Department of Labor & Employment Regulation 12.1.8, 7 Code
Colo.Reg. 1101-2, reads as follows:
In determining whether good cause has
been shown for permitting an untimely action or excusing the
failure to act as required, the Division and the Panel may
consider any relevant factors including but not limited to
whether the party acted in the manner that a reasonably
prudent individual would have acted under the same or
similar circumstances, whether the party received timely
notice of the need to act, whether there was administrative
error by the Division, whether there were factors outside
the control of the party which prevented a timely action,
the efforts made by the party to seek an extension of time
by promptly notifying the Division, the party's physical
inability to take timely action, the length of time the
action was untimely, and whether any other interested party
has been prejudiced by the untimely action. Provided,
however, that good cause cannot be established to accept or
permit an untimely action which was caused by the party's
failure to keep the Division directly and promptly informed
in writing of his current and correct mailing address. A
written decision concerning the existence of good cause need
not contain findings of fact on every relevant factor, but
the basis for the decision must be apparent from the order.
In reliance upon Albertsons, Inc., supra, and Trujillo
v. Industrial Commission, 648 P.2d 1094 (Colo.App.1982), the
Panel determined that "neglect" by a party's representative who
fails timely to file a response is a "factor outside the party's
control" for purposes of determining good cause under Regulation
12.1.8. The Panel further decided, pursuant to Albertsons,
that such neglect is dispositive of the issue of good cause. It also
ruled that the "nature" of the representative's "neglect" is a
pertinent factor and concluded that the nature of claimant's
counsel's neglect here could not establish good cause, again basing
its determination on Albertsons.
We do not read Albertsons so restrictively. We agree with
the Panel that Trujillo and Albertsons stand for the
proposition that "neglect" by a party's representative is a "factor
outside the party's control which prevented timely action" for
purposes of determining good cause under Regulation 12.1.8. However,
we do not agree that Albertsons should be interpreted to hold
that such neglect, in and of itself, is dispositive of the issue of
good cause. Rather, we read Albertsons to state that such
"neglect" is only one of the factors to be considered pursuant to
the regulation in determining good cause.

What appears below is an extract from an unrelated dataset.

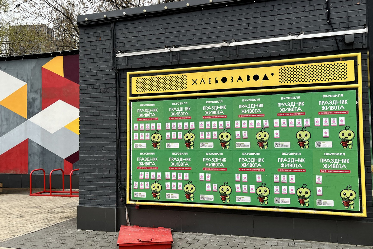 На территории «Хлебозавода» в Москве «Вкусвилл» разместил плакаты с прикрепленными пакетиками семян микрозелени, которые можно сорвать и вырастить дома.

Here, the Panel's ruling indicates a reliance on only one factor
among the numerous criteria set forth in the regulation. This was
error.
The order of the Panel is set aside. The cause is remanded to the
Panel for a new determination of good cause premised on
consideration of all the factors set forth in Regulation 12.1.8 and
the views expressed herein.
Metzger and Davidson, JJ., concur.
* Prior Opinion announced April 1, 1993 was
withdrawn. Petition for Rehearing Granted.